Dimension 2: Reference-Based vs Reference-Free

  • Reference-based: Compare output to known correct answer
  • Reference-free: Evaluate output quality without ground truth

Metric Categories

Category 1: Intrinsic Metrics (Model Internals)

These metrics measure properties of the model itself, not task performance.

Perplexity

Perplexity measures how surprised the model is by a text. Lower perplexity means the model finds the text more expected.

import torch
from transformers import AutoModelForCausalLM, AutoTokenizer

def calculate_perplexity(model, tokenizer, text):
"""Calculate perplexity of text under model."""
inputs = tokenizer(text, return_tensors="pt")
with torch.no_grad():
outputs = model(**inputs, labels=inputs.input_ids)
return torch.exp(outputs.loss).item()

# Example
text = "The capital of France is Paris."
perplexity = calculate_perplexity(model, tokenizer, text)

Output:

Perplexity: 3.42  # Lower = model finds text more expected

What perplexity tells you:

  • How well the model learned the training distribution
  • Whether fine-tuning improved language modeling on domain text

What perplexity does NOT tell you:

  • Whether the model follows instructions
  • Whether outputs are factually correct
  • Whether the model is safe

Perplexity trap: A model with low perplexity might generate fluent nonsense. Fluency does not equal correctness.

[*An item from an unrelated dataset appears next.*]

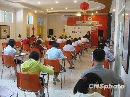 7月25日,泰國孔敬大學孔子學院舉辦今年的第一次HSK基礎級和初中等級兩個級別的漢語水平考試。據該孔子學院院長黃曉明介紹,這些年,隨著孔敬大學孔子學院漢語教學和中國文化活動的進一步開展,當地學習漢語的人數激增,參加HSK考試的人數也在逐次增加,考試的級別也在提高。原來孔敬大學孔子學院只開設HSK基礎級考試,應考生的要求,現在已經開設基礎級和初中等級,而且這次參加初中等級考試的考生數量也比參加基礎級的考生數量多。(中新社/顧時宏 攝)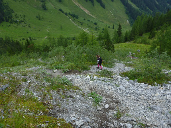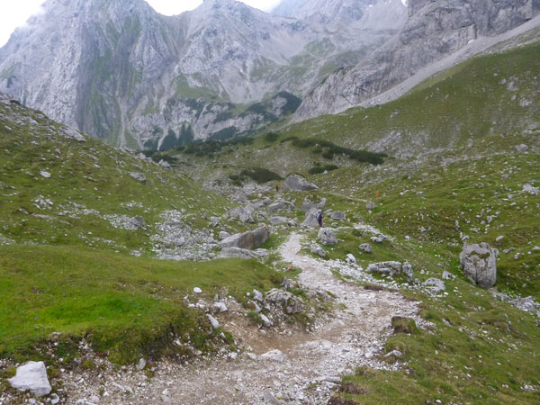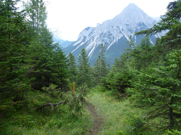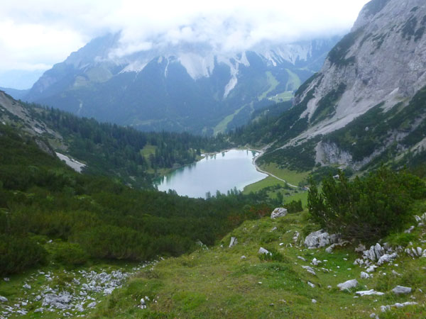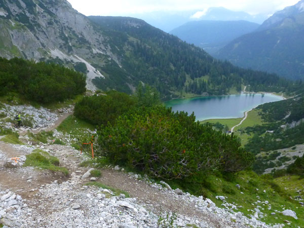 Bis zur 100 Meter tiefer liegenden Coburger Hütte kommt man ganz passabel voran, viele geröllige Stellen erschweren aber ein konstantes Laufen. Der Abstieg hinunter zum Seebensee (1.657m) ist wieder steil und deutlich anspruchsvoller.

Category 2: Task-Based Accuracy Metrics

For tasks with clear right/wrong answers.

MetricFormulaUse When
Accuracy(Correct / Total)Single correct answer
F1 Score2 * (P * R) / (P + R)Classification with imbalanced classes
Exact MatchOutput == ExpectedStructured outputs (JSON, code)

Example: Classification Accuracy

def evaluate_classification(model, test_cases):
"""Evaluate classification accuracy."""
correct = 0
total = len(test_cases)

for case in test_cases:
prompt = case['prompt']
expected = case['expected']

output = model.generate(prompt)
if output.strip() == expected.strip():
correct += 1

accuracy = correct / total
return {
'accuracy': accuracy,
'correct': correct,
'total': total
}

# Example output
results = evaluate_classification(model, test_cases)

Output:

{'accuracy': 0.87, 'correct': 87, 'total': 100}

When accuracy misleads:

  • Imbalanced classes: 95% "normal" → predicting all "normal" gives 95% accuracy
  • Partial credit: Almost-correct answers get zero credit
  • Format sensitivity: {"action": "create"} vs { "action" : "create" }

Category 3: Generation Quality Metrics

For open-ended text generation where multiple outputs are valid.

BLEU (Bilingual Evaluation Understudy)

Measures n-gram overlap between output and reference.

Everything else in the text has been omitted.